Input data ▸
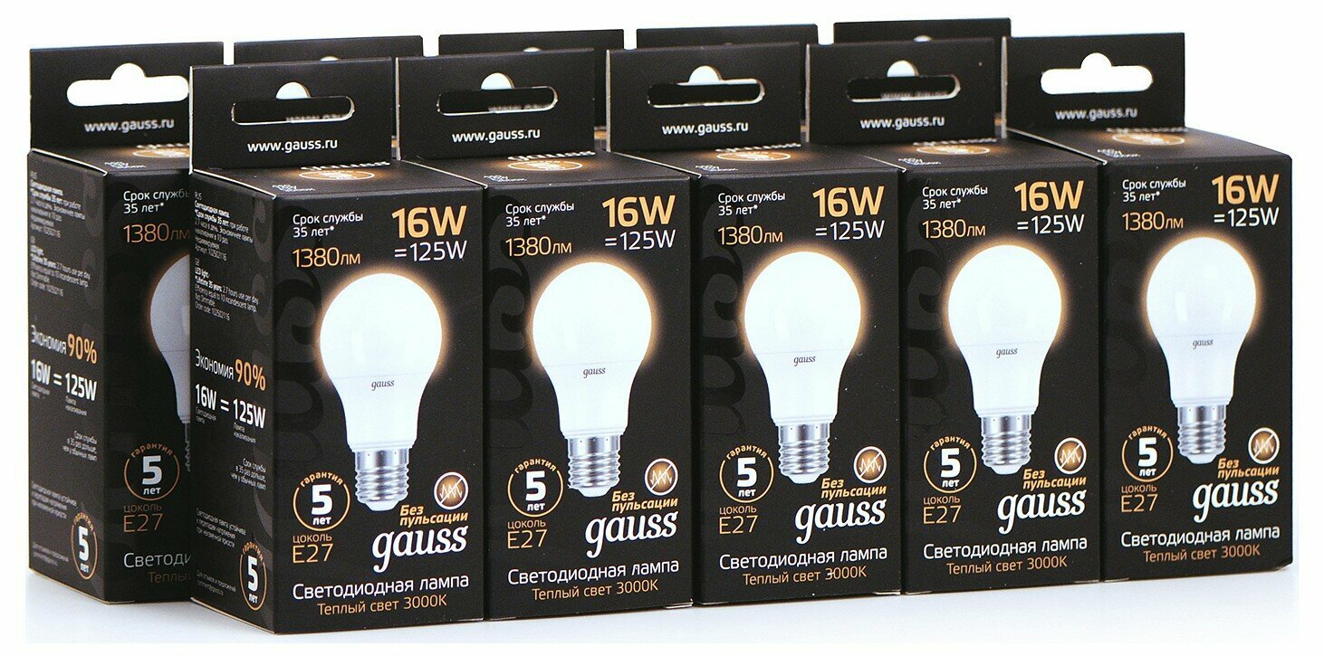 (10 шт) Лампа Gauss LED A60 16W E27 3000K 1/10/50
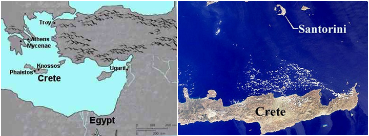 Note in the map above the Minoan island of Santorini about 60 miles north of Crete.  Sometime between 1500 and 1450 BC, the island – known to the Greeks as Thera – suffered a colossal volcanic explosion 10 times larger than Krakatoa in 1883 that was heard 3,000 miles away.  The resultant mega-tsunami wiped the Minoans out on Crete.  It was “The wave that destroyed Atlantis.”
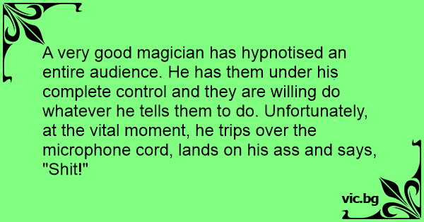 A very good magician has hypnotised an entire audience. He has them under his complete control and they are willing do whatever he tells them to do. Unfortunately, at the vital moment, he trips over the microphone cord, lands on his аss and says,
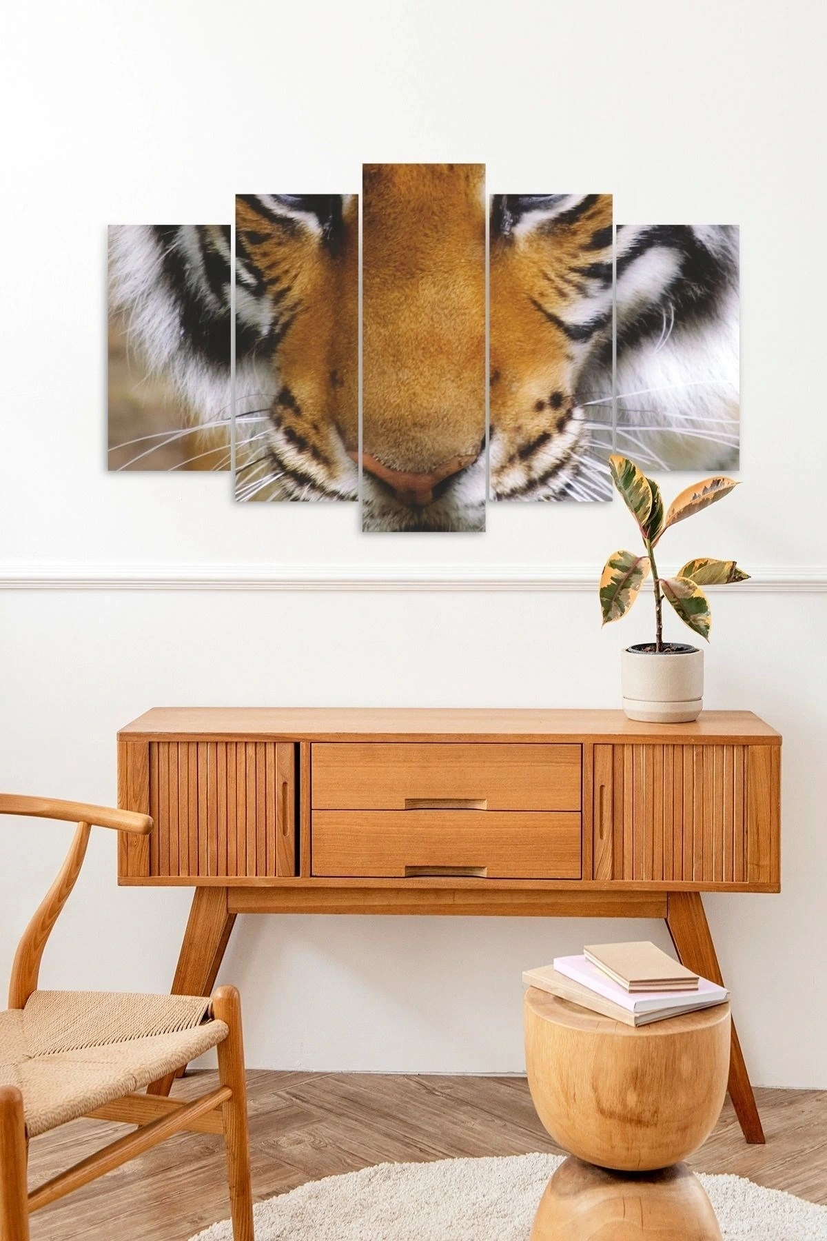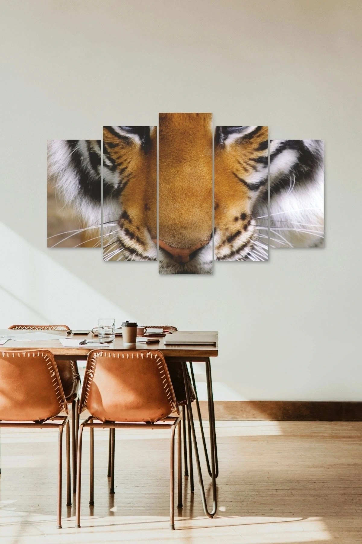 Modern tasarımıyla evinizin dekorasyonuna şıklık katan Kaplan Manzara 5 parçalı MDF tablo, çağdaş yaşam alanlarınızın vazgeçilmez bir parçası olacak; Yüksek kaliteli MDF malzemesi sayesinde uzun ömürlü kullanım sunar ve dayanıklılığı ile ön plana çıkar; Kaplan Manzara 5 parçalı MDF tablo, doğal ahşap dokusuyla mekanınıza sıcaklık ve estetik bir görünüm kazandırır;

Assignment ▸ Your reply should contain only an exact copy of the lines from the beginning of the material through the line with "A very good", both ends included, with the pictures removed.

Solution to this task ▸
 (10 шт) Лампа Gauss LED A60 16W E27 3000K 1/10/50
 Note in the map above the Minoan island of Santorini about 60 miles north of Crete.  Sometime between 1500 and 1450 BC, the island – known to the Greeks as Thera – suffered a colossal volcanic explosion 10 times larger than Krakatoa in 1883 that was heard 3,000 miles away.  The resultant mega-tsunami wiped the Minoans out on Crete.  It was “The wave that destroyed Atlantis.”
 A very good magician has hypnotised an entire audience. He has them under his complete control and they are willing do whatever he tells them to do. Unfortunately, at the vital moment, he trips over the microphone cord, lands on his аss and says,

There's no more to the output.